View Source GoogleApi.ContentWarehouse.V1.Model.CompositeDoc (google_api_content_warehouse v0.4.0)

Protocol record used for collecting together all information about a document. Please consult go/dj-explorer for two basic questions about CompositeDoc: - Where should I look up certain information (e.g: pagerank, language)? - What does each field in CompositeDoc mean and who should I contact if I have questions? To add a new field into CompositeDoc, or change existing field's size significantly, please file a ticket at go/dj-new-field, fill in necessary information and get approved by docjoin-access@ team. Next id: 194

Attributes

  • localizedvariations (type: GoogleApi.ContentWarehouse.V1.Model.CompositeDocLocalizedVariations.t, default: nil) -
  • localizedAlternateName (type: list(GoogleApi.ContentWarehouse.V1.Model.IndexingConverterLocalizedAlternateName.t), default: nil) - Localized alternate names are similar to alternate names, except that it is associated with a language different from its canonical. This is the subset of webmaster-provided localized alternate names being in the dup cluster of this document. Used during serving for swapping in the URL based on regional and language preferences of the user.

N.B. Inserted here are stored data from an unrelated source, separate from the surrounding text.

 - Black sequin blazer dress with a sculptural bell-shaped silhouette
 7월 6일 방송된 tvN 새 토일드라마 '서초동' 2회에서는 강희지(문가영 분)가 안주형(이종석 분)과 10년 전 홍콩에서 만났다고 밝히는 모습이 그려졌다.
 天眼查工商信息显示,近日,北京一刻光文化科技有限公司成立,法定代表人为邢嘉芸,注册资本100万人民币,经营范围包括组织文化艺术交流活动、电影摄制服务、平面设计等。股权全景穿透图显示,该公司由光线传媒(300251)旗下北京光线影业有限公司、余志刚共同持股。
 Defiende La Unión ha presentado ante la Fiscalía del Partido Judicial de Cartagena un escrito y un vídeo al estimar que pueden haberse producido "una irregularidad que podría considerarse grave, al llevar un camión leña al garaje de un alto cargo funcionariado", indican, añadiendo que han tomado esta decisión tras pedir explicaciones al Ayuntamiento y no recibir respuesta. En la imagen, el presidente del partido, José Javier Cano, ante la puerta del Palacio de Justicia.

  • forwardingdup (type: list(GoogleApi.ContentWarehouse.V1.Model.CompositeDocForwardingDup.t), default: nil) -
  • perDocData (type: GoogleApi.ContentWarehouse.V1.Model.PerDocData.t, default: nil) -
  • accessRequirements (type: GoogleApi.ContentWarehouse.V1.Model.IndexingPrivacyAccessAccessRequirements.t, default: nil) - Contains necessary information to enforce row level Docjoin access control.

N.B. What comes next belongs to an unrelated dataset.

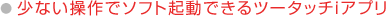 よく使うiアプリをツータッチ登録しておけば、待受画面から2回のキー操作だけでソフトを起動することが可能です。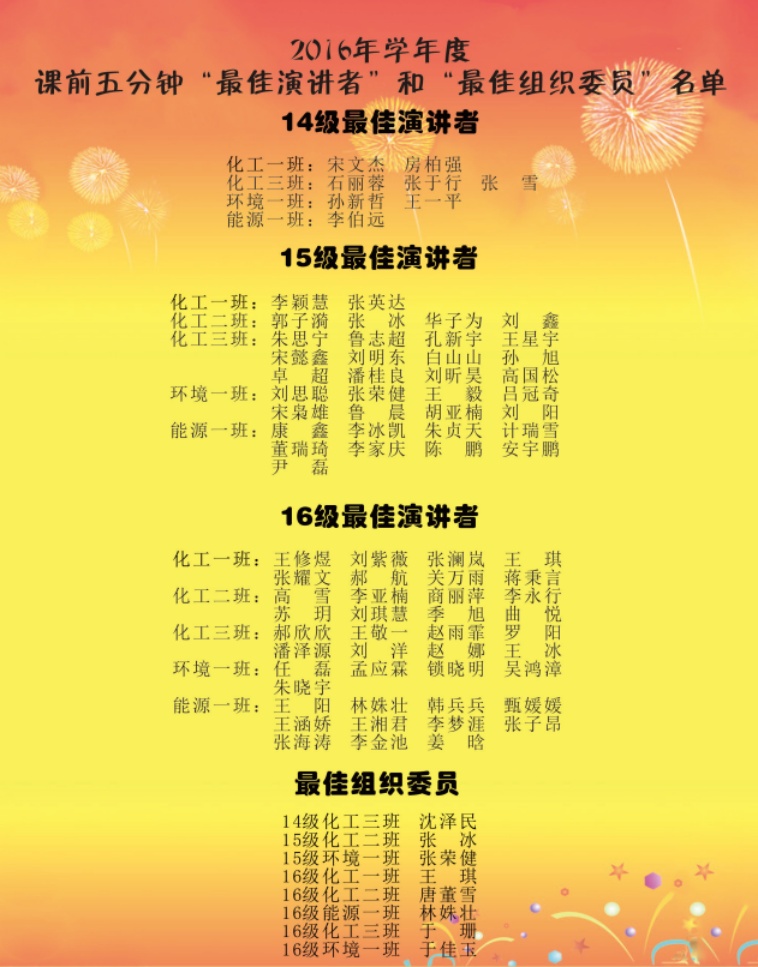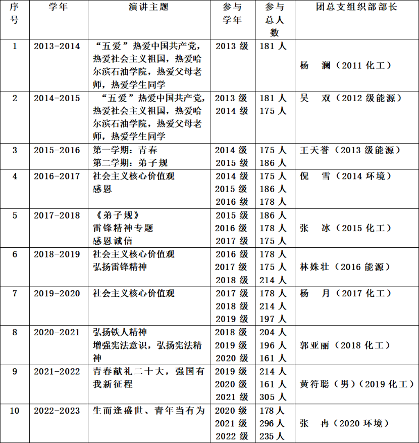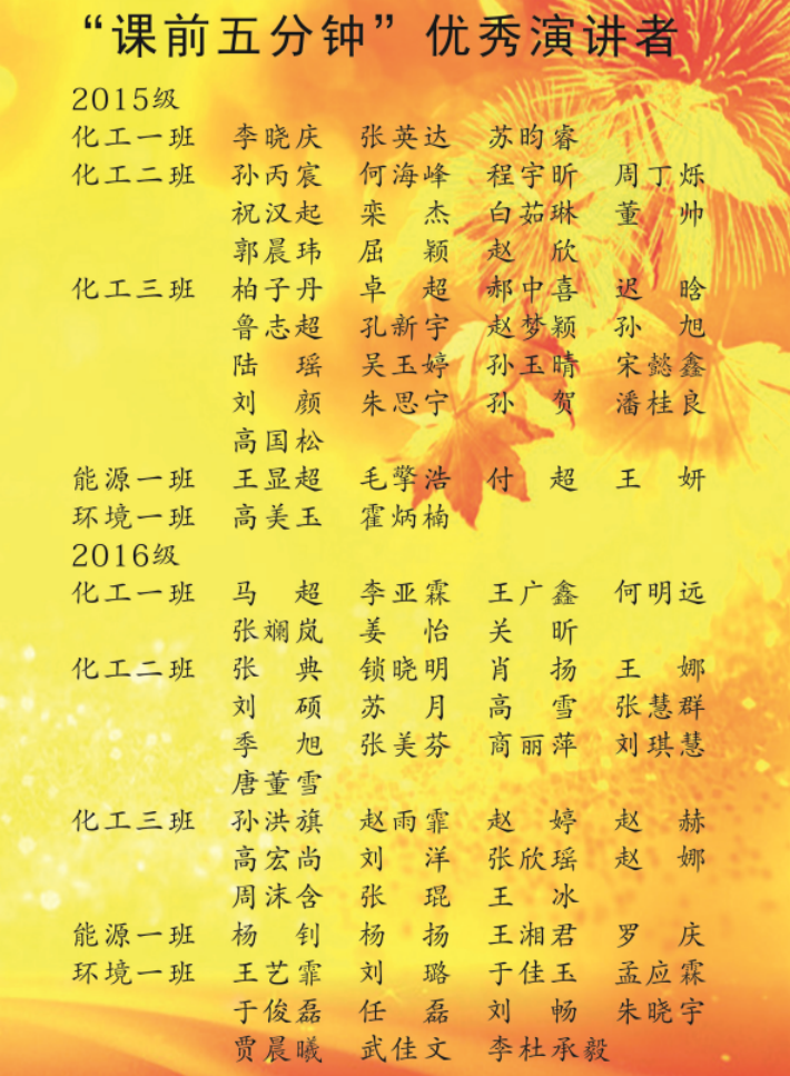 二、十年间实现从无到有的突破,不积跬步,无以至千里,不积小流,无以成江海。 自2013年秋季学期筹划,2014年春季学期开展以来,化学工程学院课前五分钟演讲活动已然成为学院党团工作的特色工作之一,十年来课前五分钟演讲活动累计参与人数达2007人、5082人次,在课前五分钟演讲考核中共评选出最佳组织者37人最佳演讲者396人。新冠肺炎疫情期间,伴随着线下上课情况,课前五分钟演讲活动开展的断断续续,但始终坚持着。每天早上8:00准时开始的课前五分钟演讲,一方面给学生干部一个历练组织沟通管理能力的平台;另一方面也锻炼了学生的语言表达能力,提供了敢于人前说话的机会,增强了人际交往自信心;第三方面,几乎杜绝了全院上课迟到现象。十年来,通过课前五分钟演讲活动,加强学生政治思想教育实效,树牢“四个意识”,坚定“四个自信”,坚决做到“两个维护”,引导教育全院学生汲取铁人精神信仰力量,激发昂扬斗志,践行社会主义核心价值观,培养一届又一届合格的大学生和社会主义可靠的建设者和接班人。值此学校二十周年校庆之际,感谢十年来,为化学工程学院组织开展课前五分钟演讲的历届组织部部长。

  • properties (type: GoogleApi.ContentWarehouse.V1.Model.DocProperties.t, default: nil) -
  • badSslCertificate (type: GoogleApi.ContentWarehouse.V1.Model.IndexingBadSSLCertificate.t, default: nil) - This field is present iff the page has a bad SSL certificate itself or in its redirect chain.
  • extradup (type: list(GoogleApi.ContentWarehouse.V1.Model.CompositeDocExtraDup.t), default: nil) -
  • subindexid (type: list(String.t), default: nil) -
  • ptoken (type: GoogleApi.ContentWarehouse.V1.Model.PtokenPToken.t, default: nil) - Contains information necessary to perform policy decision on the usage of the data assosiated with this cdoc.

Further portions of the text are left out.